The world sorrows at Poland's plight. Any early hope that martial law would be bloodless and brief has been dashed as the army has imposed a repressive and harsh rule. The tragedy lies not only in the suppression - once again - of Poles' poignant struggle for a measure of freedom and a better life. It lies also in the tyranny which has ruled the Russian people for so many centuries and rules it still. How much time must pass before they, too, are free and have a government that feels secure enough to leave its neighbors alone? The extent to which the Soviet Union was directly involved in the Polish crackdown is in a sense irrelevant. The fact is, it has imposed a monstrous system on Eastern Europe that has prevented self-determination and provides the soil for popular opposition.

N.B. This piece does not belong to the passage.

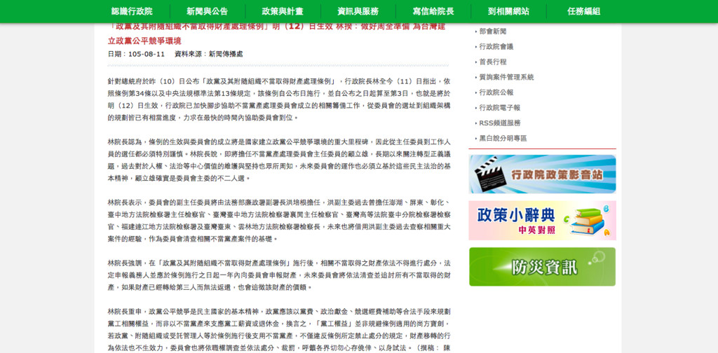 ▲行政院11日發布林全針對處理黨產措辭強硬的新聞稿。(圖/取自政院網站)

Everyone must pray that further violence in Poland can be avoided, for if the situation deteriorates the possibility of open Soviet intervention grows. All must also ardently hope that the Poles - government and Solidarity - can still work out a modus vivendi making it possible to save something of the reform movement. This looks to be increasingly difficult, now that it is known how many months the government had been planning a crackdown. Whatever credibility the regime had must certainly now be utterly shattered.

Yet General Jaruzelski must know that, while his troops can force the factories to open and even force Poles to go to their jobs, he cannot make them work with the enthusiasm and discipline needed to revive the economy. The economic crisis will only persist with workers bitter and demoralized, and tempted to passive resistance.

At this stage it remains to be seen what role the Roman Catholic Church might play as it tries to forestall more violence. Can it be instrumental in bringing about a negotiation? For such a negotiation to succeed, all sides would have to be prepared to live with a situation different from that which existed earlier. The government would have to adjust to Solidarity, the union would have to adjust by pulling back its demands, and - not least of all - the Soviet Union would have to adjust to a changed Polish structure. Poles would end up with much less in the way of freedom than Solidarity initially aspired to, but surely this would be a better alternative to stalemate, civil disturbances, and a ''Soviet solution.''

The West, which is morally offended by the jailing of Solidarity activists, closing down of the free press, and other acts of force, is not entirely without resources. The Polish economy cannot get off the ground without continuing Western aid and a rescheduling of Poland's massive debt. President Reagan and other Western leaders are right to tie economic help to the end of martial law and to economic and other reform measures.

The Soviet Union, for its part, just as in Hungary in 1956 and in Czechoslovakia in 1968, has confronted another tide of resistance to communist rule and sanctioned a counter-effort to put it down. The result will be even greater Polish hatred not only for Poland's own communist system but for the Soviet Union and its people - and thus, ironically, even less security for the Soviet empire. Surely the men in the Kremlin realize that, while the Polish rebellion may be suppressed for a while, it will never be snuffed out. This time it was joined by virtually the entire nation - workers, intellectuals, students - and it is certain to reemerge.

If the Poles seem to have forgotten their geography in their overambitious reach for freedom and change, the Soviet leaders would do well not to forget the Polish spirit of independence. A political compromise in Poland is still preferable to armed intervention - even from the standpoint of the Russians.